*Exercise*:
Exact retyping of the data: please keep every word and drop each picture.

*Given data*:

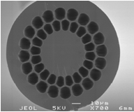 更為(wei) 神奇的是,光子晶體(ti) 光纖還有一神奇的“變種”。如果去除光子晶體(ti) 光纖的實心纖芯,換成“空心”就形成了類似於(yu) 宇宙“蟲洞”的時光隧道,大大減小了光纖傳(chuan) 輸的非線性效應、色散和損耗,可用於(yu) 大功率激光傳(chuan) 輸、新型通信及光纖傳(chuan) 感,圖4是一種空心帶隙型光子晶體(ti) 光纖。
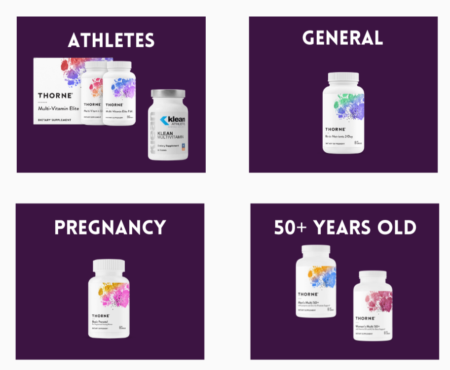 At GracesGrit, we like to recommend different multivitamins based on individual needs. Thorne and Klean Athlete are some of our favorite trustworthy brands across the lifespan!
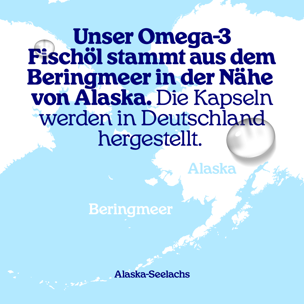 Pure Alaska Fischölkapseln werden aus Alaska-Seelachs aus dem Golf von Alaska und dem Beringmeer hergestellt. Dies ist der nördlichste Teil des Pazifiks und grenzt an den Nordpol. Das Filet des Alaska-Seelachses kommt in den Supermarkt, und die Filetabfälle werden zu Fischöl verarbeitet. Für dieses effiziente Verfahren werden keine zusätzlichen Fische gefangen. Arctic Blue hat damit das strengste Qualitätszeichen für Fischöl erhalten: das blaue MSC-Gütesiegel. In einer modernen Anlage in den USA wird das Öl gereinigt und konzentriert und es wird sichergestellt, dass das Fischöl seine Frische behält (= niedriger Totox-Wert). Die Frische ist in der Tat ein Maß für den Zustand der empfindlichen Omega-3-Fettsäuren. Frisches Fischöl wird daher niemals platzen oder einen Nachgeschmack hinterlassen. Arctic Blue Fischölkapseln sind daher auch für schwangere und stillende Frauen geeignet.
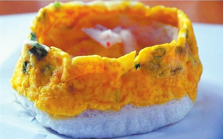 “不翻兒”名字的由來還有另一層意思。濟源地處黃河最后一道出山口,水流兇猛。古時的漁民最怕翻船,為了祈求平安,將隨身攜帶的這種面食稱為“不翻兒”,寄托著漁民對美好、平安的向往?!安环瓋骸鄙珴甚r亮,上層雞蛋燦黃如金,下層米面潔白如玉,中間較薄酥脆無比,外圍較厚噴香撲鼻。
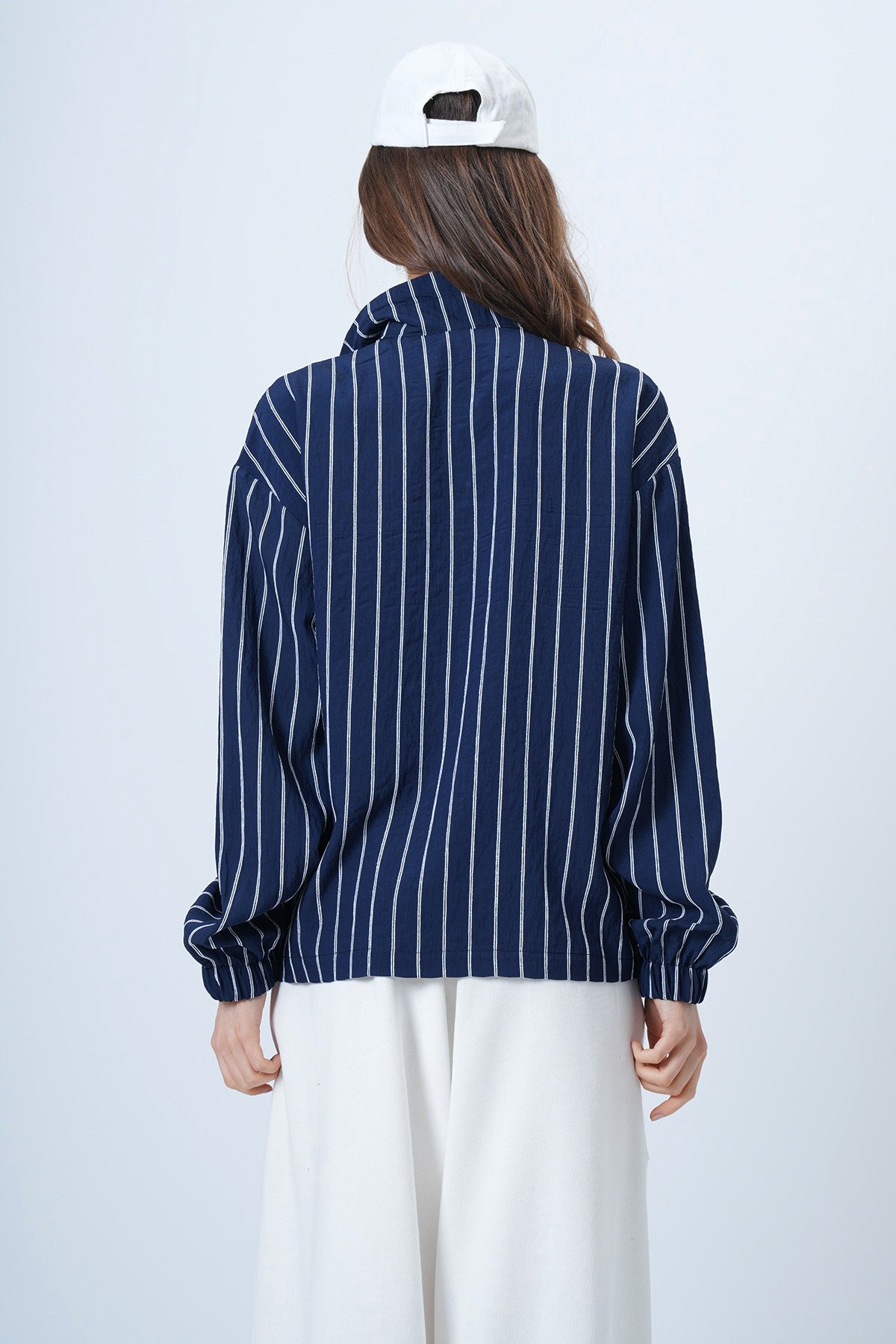 Dik Yaka Çizgili Cepli Dokuma Sweatshirt - LACİVERT (VS01315)

*Exercise result*:
 更為(wei) 神奇的是,光子晶體(ti) 光纖還有一神奇的“變種”。如果去除光子晶體(ti) 光纖的實心纖芯,換成“空心”就形成了類似於(yu) 宇宙“蟲洞”的時光隧道,大大減小了光纖傳(chuan) 輸的非線性效應、色散和損耗,可用於(yu) 大功率激光傳(chuan) 輸、新型通信及光纖傳(chuan) 感,圖4是一種空心帶隙型光子晶體(ti) 光纖。
 At GracesGrit, we like to recommend different multivitamins based on individual needs. Thorne and Klean Athlete are some of our favorite trustworthy brands across the lifespan!
 Pure Alaska Fischölkapseln werden aus Alaska-Seelachs aus dem Golf von Alaska und dem Beringmeer hergestellt. Dies ist der nördlichste Teil des Pazifiks und grenzt an den Nordpol. Das Filet des Alaska-Seelachses kommt in den Supermarkt, und die Filetabfälle werden zu Fischöl verarbeitet. Für dieses effiziente Verfahren werden keine zusätzlichen Fische gefangen. Arctic Blue hat damit das strengste Qualitätszeichen für Fischöl erhalten: das blaue MSC-Gütesiegel. In einer modernen Anlage in den USA wird das Öl gereinigt und konzentriert und es wird sichergestellt, dass das Fischöl seine Frische behält (= niedriger Totox-Wert). Die Frische ist in der Tat ein Maß für den Zustand der empfindlichen Omega-3-Fettsäuren. Frisches Fischöl wird daher niemals platzen oder einen Nachgeschmack hinterlassen. Arctic Blue Fischölkapseln sind daher auch für schwangere und stillende Frauen geeignet.
 “不翻兒”名字的由來還有另一層意思。濟源地處黃河最后一道出山口,水流兇猛。古時的漁民最怕翻船,為了祈求平安,將隨身攜帶的這種面食稱為“不翻兒”,寄托著漁民對美好、平安的向往?!安环瓋骸鄙珴甚r亮,上層雞蛋燦黃如金,下層米面潔白如玉,中間較薄酥脆無比,外圍較厚噴香撲鼻。
 Dik Yaka Çizgili Cepli Dokuma Sweatshirt - LACİVERT (VS01315)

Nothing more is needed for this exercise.